**EXERCISE INSTRUCTIONS:** Starting at the line with "户外机能系列Polartec Power Dry面料!男士运动透气连帽半拉链格绒上衣" and going on through the line with "சாலையில் ஓடிய கார்", reproduce each line in the records below exactly and nothing more.

**INPUT FOR THIS TASK:**
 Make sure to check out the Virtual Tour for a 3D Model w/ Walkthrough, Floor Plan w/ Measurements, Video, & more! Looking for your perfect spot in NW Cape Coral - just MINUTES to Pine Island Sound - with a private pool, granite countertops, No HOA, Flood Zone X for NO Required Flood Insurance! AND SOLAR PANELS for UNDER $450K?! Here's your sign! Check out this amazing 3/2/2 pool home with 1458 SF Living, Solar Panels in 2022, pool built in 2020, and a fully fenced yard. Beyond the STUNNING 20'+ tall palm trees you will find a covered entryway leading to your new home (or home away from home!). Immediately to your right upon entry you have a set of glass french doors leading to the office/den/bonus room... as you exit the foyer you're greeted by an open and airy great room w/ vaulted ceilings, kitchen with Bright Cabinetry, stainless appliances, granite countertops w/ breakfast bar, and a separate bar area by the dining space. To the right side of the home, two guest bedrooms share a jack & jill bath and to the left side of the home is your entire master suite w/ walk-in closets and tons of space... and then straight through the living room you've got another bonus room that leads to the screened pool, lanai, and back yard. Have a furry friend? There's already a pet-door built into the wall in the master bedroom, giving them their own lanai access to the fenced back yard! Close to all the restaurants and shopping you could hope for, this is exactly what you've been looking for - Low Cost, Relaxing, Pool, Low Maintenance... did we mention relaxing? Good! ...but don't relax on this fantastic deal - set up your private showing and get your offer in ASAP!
==
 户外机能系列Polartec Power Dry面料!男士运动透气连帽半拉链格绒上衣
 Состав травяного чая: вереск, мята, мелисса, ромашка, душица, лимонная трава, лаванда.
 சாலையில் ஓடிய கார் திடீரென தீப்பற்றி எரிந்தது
==
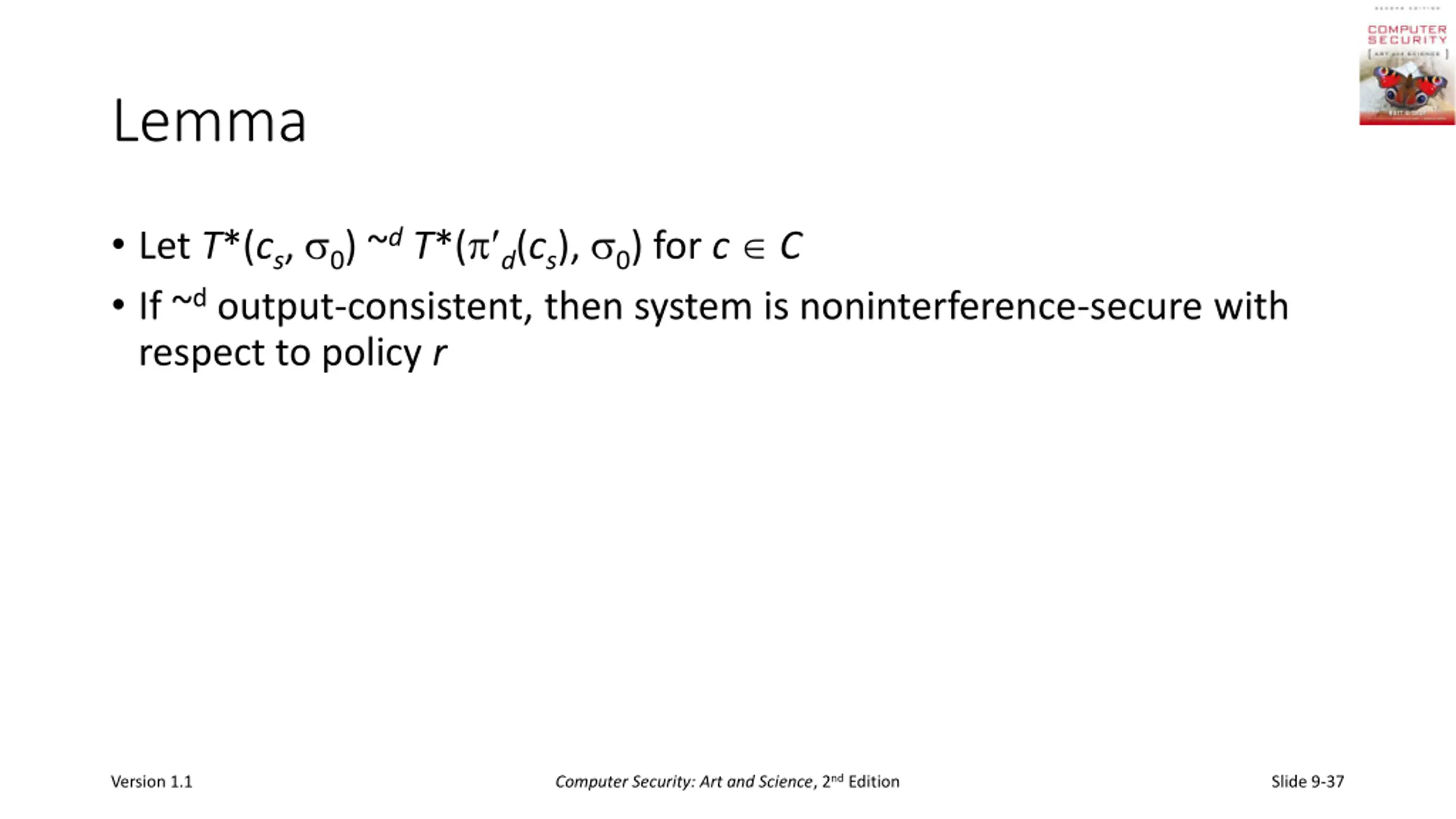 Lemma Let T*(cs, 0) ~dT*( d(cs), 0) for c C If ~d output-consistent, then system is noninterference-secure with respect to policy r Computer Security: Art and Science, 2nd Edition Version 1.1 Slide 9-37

**SOLUTION TO THE PROBLEM:**
 户外机能系列Polartec Power Dry面料!男士运动透气连帽半拉链格绒上衣
 Состав травяного чая: вереск, мята, мелисса, ромашка, душица, лимонная трава, лаванда.
 சாலையில் ஓடிய கார் திடீரென தீப்பற்றி எரிந்தது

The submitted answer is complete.